◆ ACTION ITEM
Reproduce the listing word for word. Skip any image.

◆ DATA EXTRACT
- Opening Delimiter -

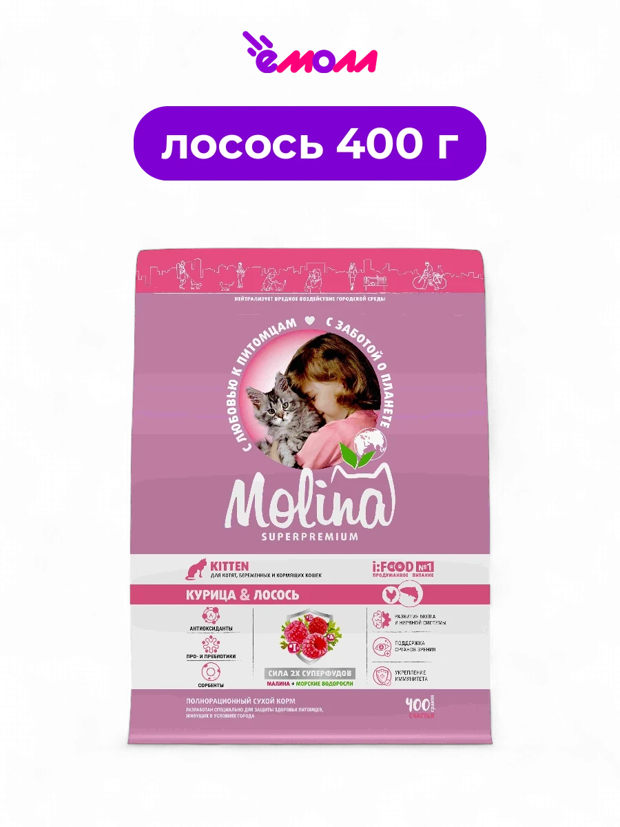 Molina сухой корм с курицей и лососем для котят Cat Kitten Chicken With Salmon 0,4 кг
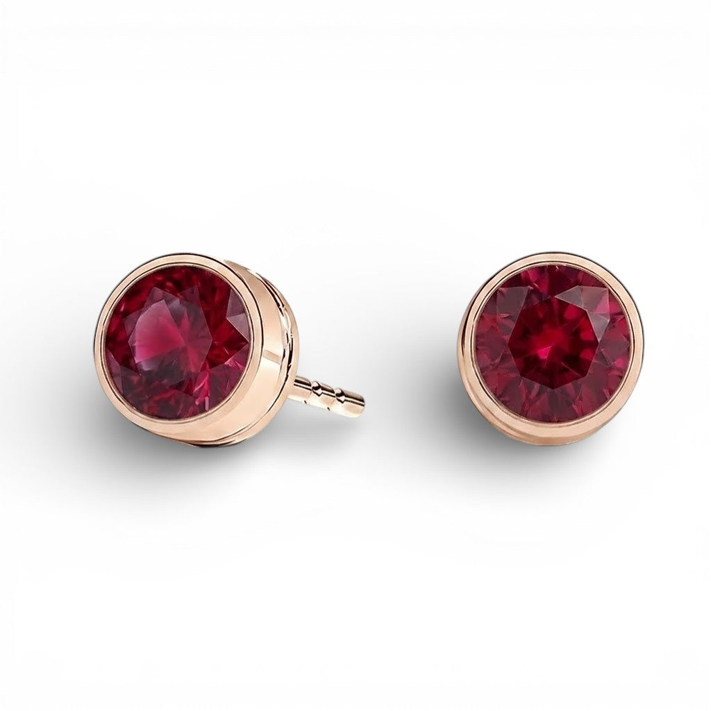 Round Bezel Ruby Stud Earrings
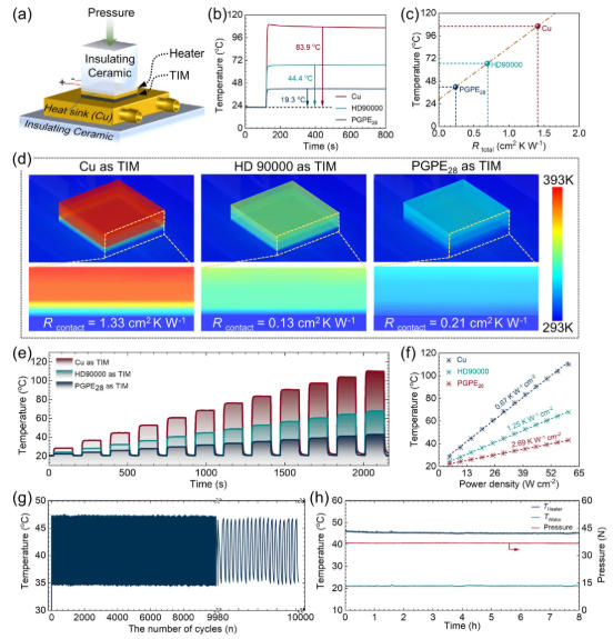 图4. PGPE 的散热性能与稳定性测试。(a) 水冷散热测试系统示意图:陶瓷加热器为热源,TIM 夹于加热器与铜基微通道散热器之间,冷却液循环散热;(b) 60 W 功率下,Cu、HD90000 商用热垫与 PGPE??作为 TIM 时的热源温度演变,PGPE??稳态温升仅 19.3℃,远低于 HD90000(44.4℃)与 Cu(83.9℃);(c) 三种 TIM 的总热阻拟合结果,PGPE??总热阻最低(0.23 K?cm2/W);(d) 宏观与微观尺度界面温度分布模拟,PGPE??实现连续均匀热流传输;(e) 变功率加载下热源温度演变,PGPE??全程温度最低;(f) 加热功率与热源温度的线性关系及等效冷却系数,PGPE??冷却系数达 2.69 W?cm?2?K?1;(g) 10000 次热震循环后 PGPE??的温度稳定性,无明显温升;(h) 60 W 功率下 8 小时连续运行测试,PGPE??稳态温度稳定在 45.6±0.2℃。
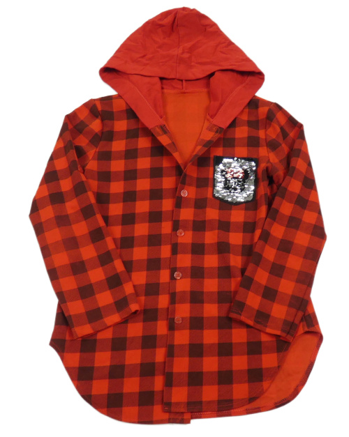Červeno-černá kostkovaná halenka s flitry a kapucí

- Closing Delimiter -

◆ RESULT
 Molina сухой корм с курицей и лососем для котят Cat Kitten Chicken With Salmon 0,4 кг
 Round Bezel Ruby Stud Earrings
 图4. PGPE 的散热性能与稳定性测试。(a) 水冷散热测试系统示意图:陶瓷加热器为热源,TIM 夹于加热器与铜基微通道散热器之间,冷却液循环散热;(b) 60 W 功率下,Cu、HD90000 商用热垫与 PGPE??作为 TIM 时的热源温度演变,PGPE??稳态温升仅 19.3℃,远低于 HD90000(44.4℃)与 Cu(83.9℃);(c) 三种 TIM 的总热阻拟合结果,PGPE??总热阻最低(0.23 K?cm2/W);(d) 宏观与微观尺度界面温度分布模拟,PGPE??实现连续均匀热流传输;(e) 变功率加载下热源温度演变,PGPE??全程温度最低;(f) 加热功率与热源温度的线性关系及等效冷却系数,PGPE??冷却系数达 2.69 W?cm?2?K?1;(g) 10000 次热震循环后 PGPE??的温度稳定性,无明显温升;(h) 60 W 功率下 8 小时连续运行测试,PGPE??稳态温度稳定在 45.6±0.2℃。
Červeno-černá kostkovaná halenka s flitry a kapucí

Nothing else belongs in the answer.